The long story short is that Seattle was a good call. I didn’t experience the Seattle freeze at all. That’s probably because I landed here like a stuck up bitch from the Mission District and couldn’t tell if someone was being indifferent to me. What? I was used to being around assholes. Despite that, I did make quite a few friends. For what I lack in social grace, I make up for with humor, entertainment, and fun.

If I could describe Seattle in one word, it would be “understated” – and that is a huge compliment. I didn’t know how to appreciate it right away because I’ve always gravitated to the garish and loud, obvious things like four-on-the-floor beats, bright colors, and sunny skies. There is something soulful about being “understated” and I’m trying to learn how to tune into it better myself.

Americana Seattle
Brunch at Americana in Seattle. One of our favorites!

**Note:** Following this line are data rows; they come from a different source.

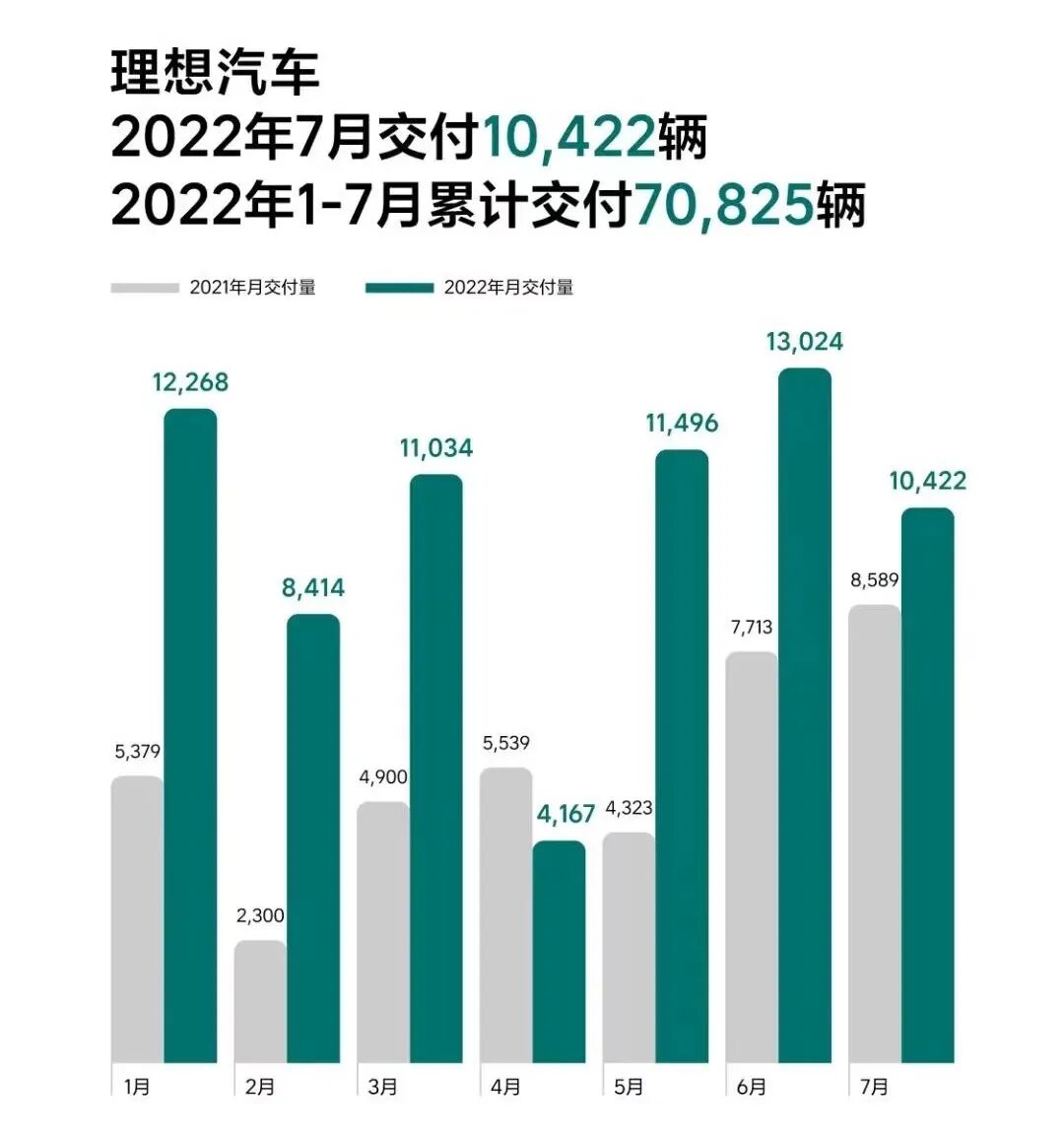 理想汽车在月度交付量上与小鹏相差不大,7月,理想共10,422辆理想ONE,同比增长21.3%。今年1-7月,理想ONE已累计交付70,825辆。
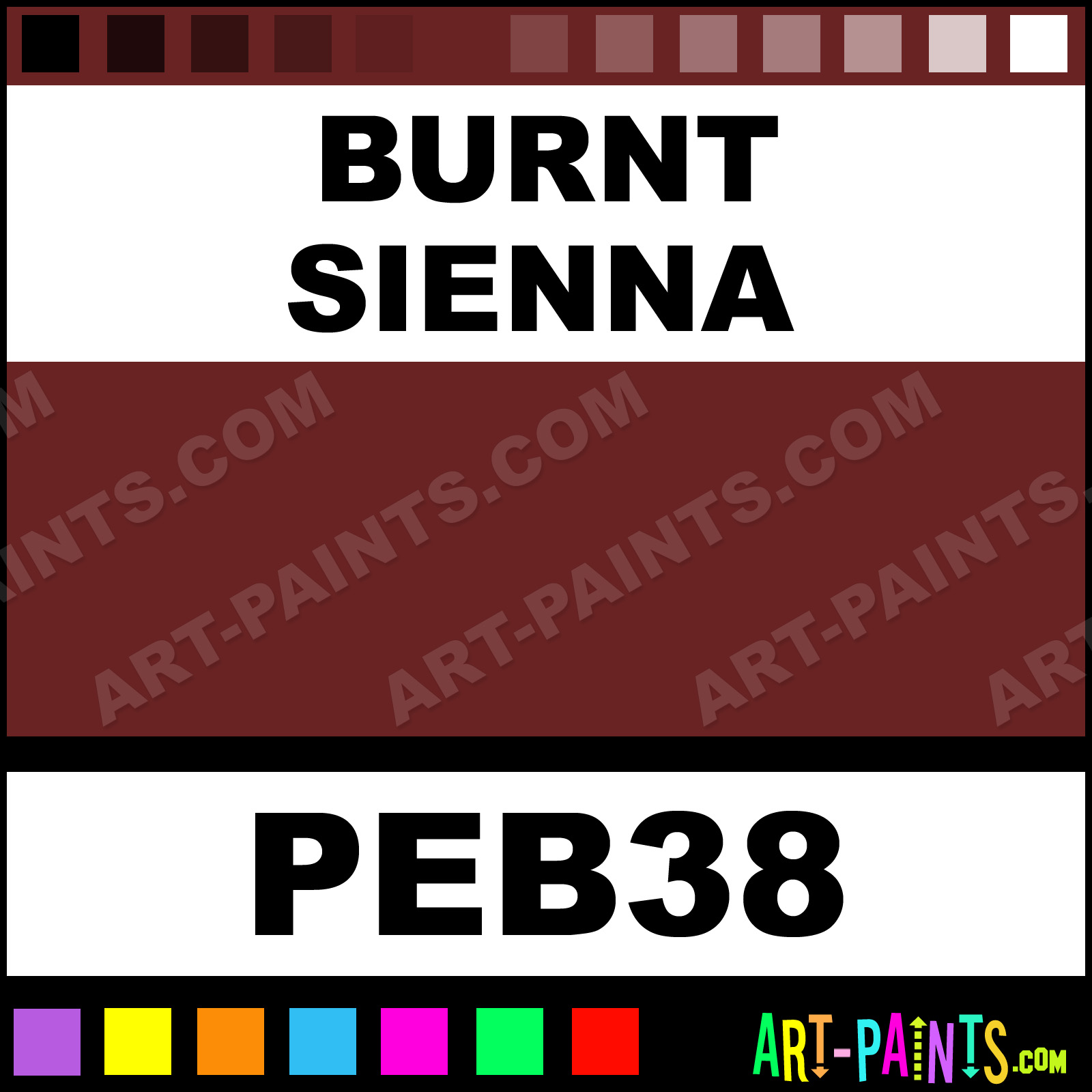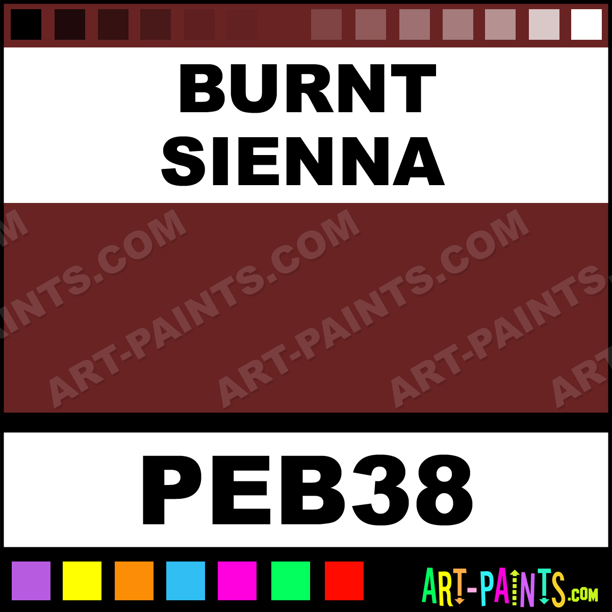This beautiful Studio Gouache shade is called Burnt Sienna, and comes from a company called Pebeo. Their product number, along with the HTML color code, RGB, and CMYK codes are listed below. This Beautiful Shade of Burnt Sienna and others can be found in the Pebeo Studio Art Paint Gallery! Also be sure to browse through the other wonderful Professional Color Galleries to see more of Pebeo Studio Gouache Brand Paints and other Paint Manufacturers. And as always, Paint Paint Paint! -Art-Paints.com
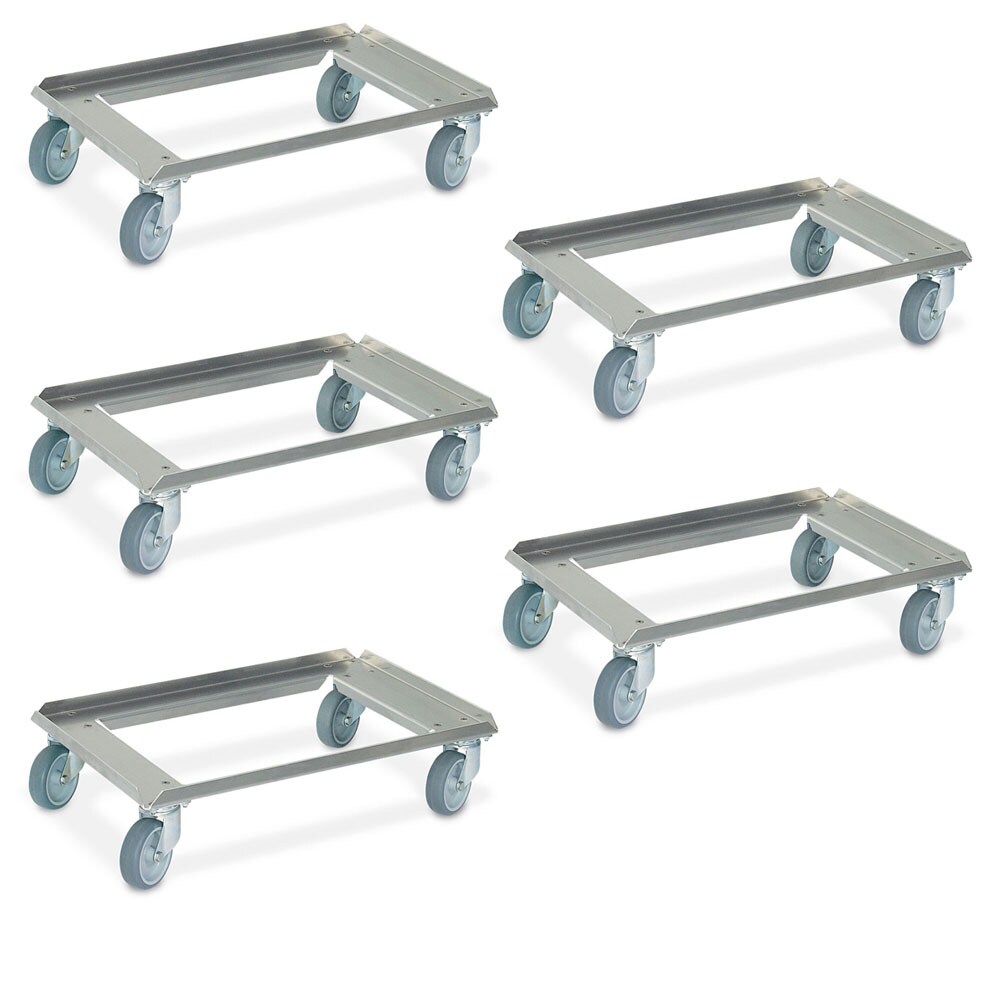 BRB 5x Logistikroller aus Alu für 600x400 mm Behälter,graue Gummiräder,offenes Deck
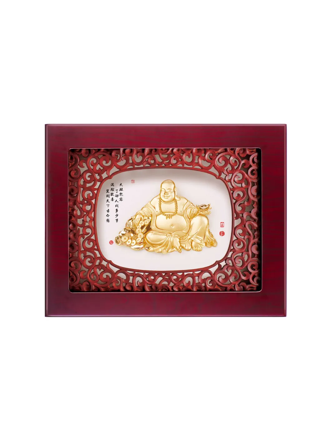 Phật Di Lặc là vị phật tượng trưng cho vị lai, cho thế giới tốt đẹp trong tương lai. Thờ Phật Di Lặc trong nhà là để cầu mong sự an lạc, vui vẻ, hạnh phúc, may mắn, bình an cho gia chủ. Chất liệu: vàng lá. Bảo quản nơi khô ráo. Kích thước: 27x34 cm
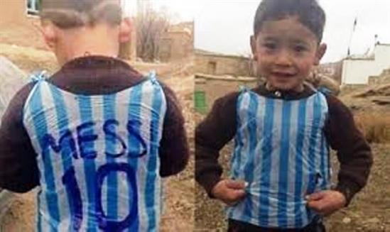 Ở một câu chuyện khác, cậu bé năm tuổi Murtaza sống ở đất nước Afghanistan, nơi mà những cuộc nội chiến, nhóm khủng bố xung đột, bom đạn có thể bất cứ dội xuống bất cứ lúc nào. Tuy nhiên, bom đạn vẫn không thể ngăn tình yêu của cậu bé Murtaza đối với bóng đá, em thần tượng Messi. Vì quá khó khăn, người anh trai Murtaza đã dùng ni lon làm cho cậu em mình một chiếc áo thần tượng Messi. Murtaza rất thích thú khi khoác trên người chiếc áo “rác” nhưng em vẫn hồn nhiên chơi bóng và em ước một ngày được gặp thần tượng của mình là Messi. Tình cờ bức ảnh Murtaza được đăng tải trên các phương tiện truyền thông nhanh chóng đốn tim hàng triệu người trên thế giới.
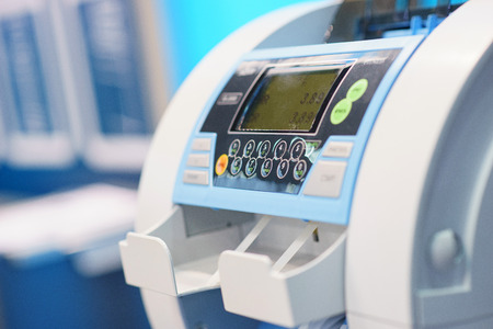 Professional banking equipment for calculating banknotes and cash. Special apparatus, a device for counting money.
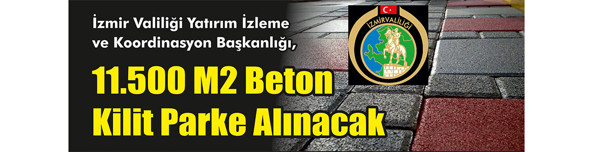 İzmir Valiliği Yatırım İzleme ve Koordinasyon Başkanlığı, 11.500 m2 beton kilit parke alacak.
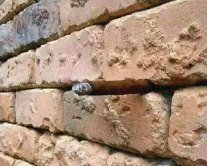 Отгадка. Камешек в центре — не камешек, а кончик большой сигары, которую воткнули в кладку, видимо не найдя пепельницы.
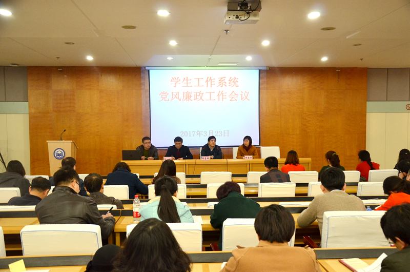 3月23日下午14:30時,我校在西區(qū)主樓七樓學(xué)術(shù)報告廳召開學(xué)生工作系統(tǒng)黨風(fēng)廉政建設(shè)工作會議,校黨委常委、常務(wù)副校長鄭喜群出席會議并講話。校紀(jì)委副書記佟海棠、學(xué)生工作部(學(xué)生處)部(處)長姜波、各學(xué)院主管學(xué)生工作的領(lǐng)導(dǎo)出席了會議,就業(yè)指導(dǎo)處、學(xué)生工作部(學(xué)生處)的全體干部以及全校輔導(dǎo)員參加了會議。會議由學(xué)生工作部(學(xué)生處)副部(處)長張樹啟主持。
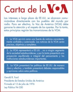 En 1976, el Congreso y funcionarios de la VOA determinaron que la agencia necesitaba un mandato editorial más claro para asegurar que mantuviera la credibilidad entre sus audiencias extranjeras. El Congreso elaboró un borrador del acta, la cual dice que la VOA debe publicar noticias exactas, producir contenido que represente a toda la sociedad estadounidense, y que ofrezca una explicación y discusiones claras sobre la política estadounidense.
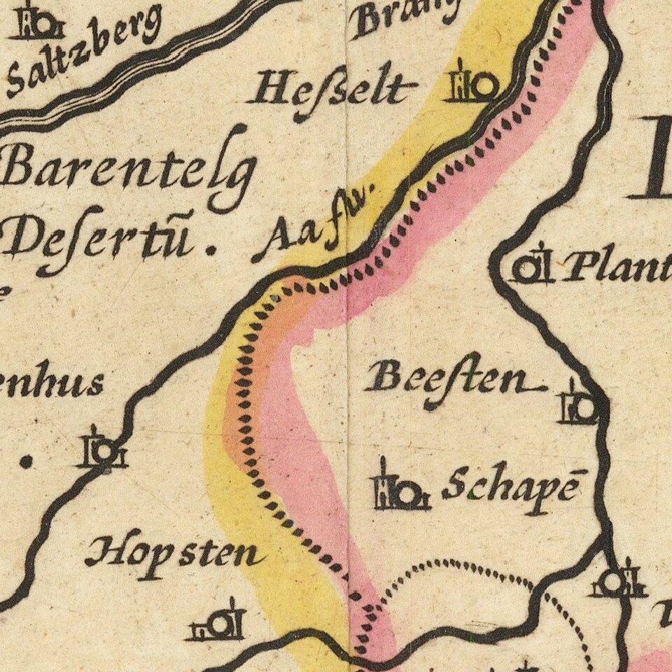 Detailed regional map of the Munster region of Germany, published by Blaeu in Amsterdam.
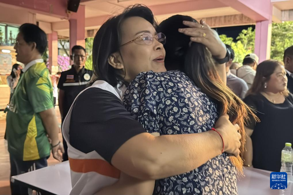2月11日,兩名女子在泰國(guó)宋卡府合艾縣發(fā)生校園槍擊案的學(xué)?;ハ鄵肀?。新華社發(fā)
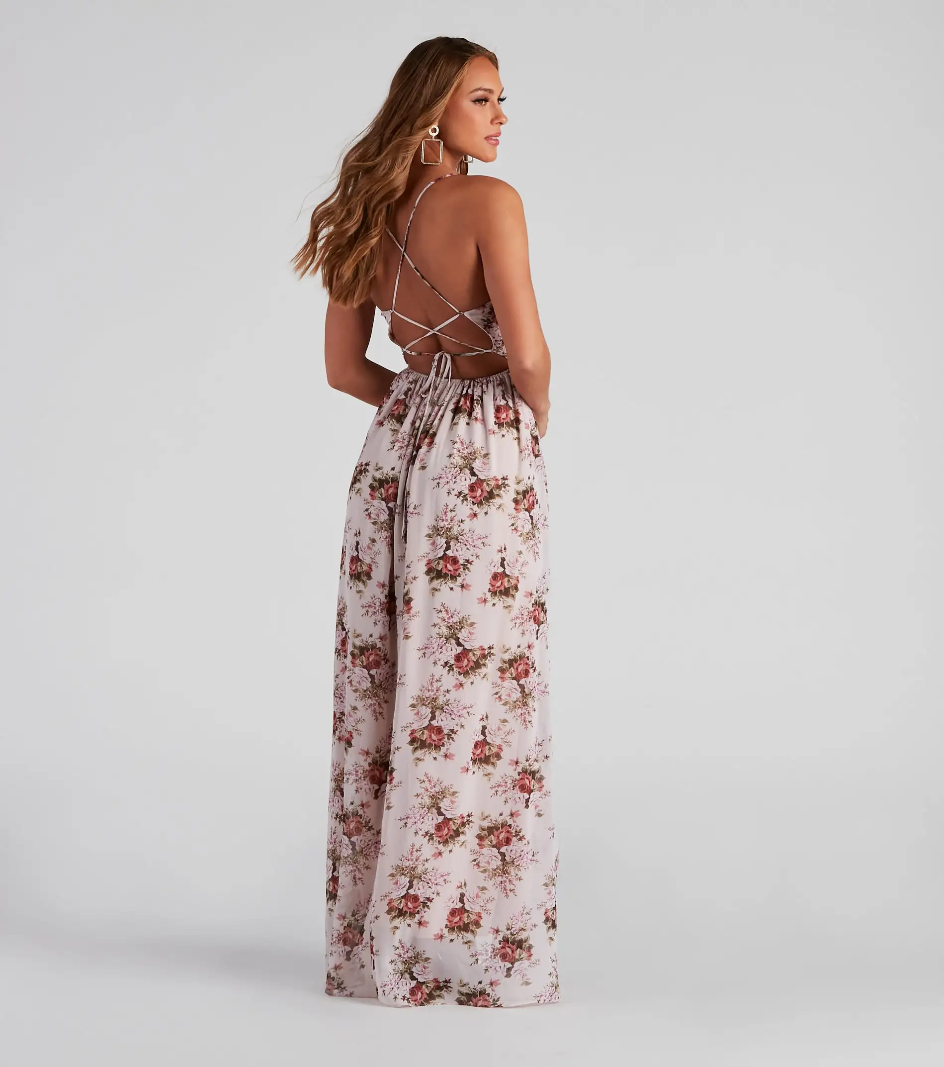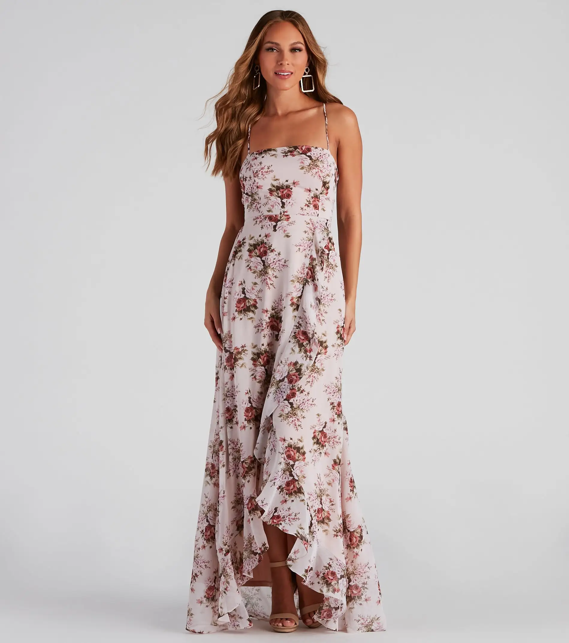 Lace up in a formal dress that brings the romance! Rue features a pretty floral pattern, a sleeveless square neckline with padded cups, spaghetti straps that lead to a cross-back, and a lace-up back. Her slim fit bodice leads to a flowy wrap silhouette with a high side slit that is accented with a ruffled trim. The dress is composed of a lined of a lightweight woven fabric that offers a relaxed fit with minimal stretch. Complete look with

While dating in San Francisco was so bad that you would start to question your sexuality, Seattle was not that bad. I happened to meet a guy I couldn’t get rid of. He bought my art and took me to boozy brunch every week for a year…or five? Of course, I had to marry him. Turns out, skipping the wedding and going to the courthouse was the perfect, understated, beginning for a really awesome marriage. Thankfully, I never took anyone’s advice to settle for anything less than the love of my life.

By the time I was thirty-five, I was seeing my friends starting families, buying houses, getting married and all that fun stuff. Of course, I was also seeing my friends sorting their way through rent increases in ridiculous tech cities, divorce, illness, substance abuse. I have to make an effort to google and learn all my friends’ diseases for chrissake!

My life hasn’t been a picnic, either. I lived through my father’s three year battle with cancer…and I honestly *hate* when they call it “battle”, even though I just did. Not that it was my first experience with family loss, but that’s a story for another day. Lots of adulting has happened in the last decade and it hasn’t been much of a disco party. Becoming grown up is hard!

Of course, you take the good with the bad and just roll with it, because that’s all you can do. We have to celebrate our little victories and moments and nurture the ones we have, whether they have fur or poop in diapers and make you clean it up. I prefer plants these days but you do you, friend. So for all of you in the best and worst of situations, let’s have a laugh and a big glass of vino and make the most of it.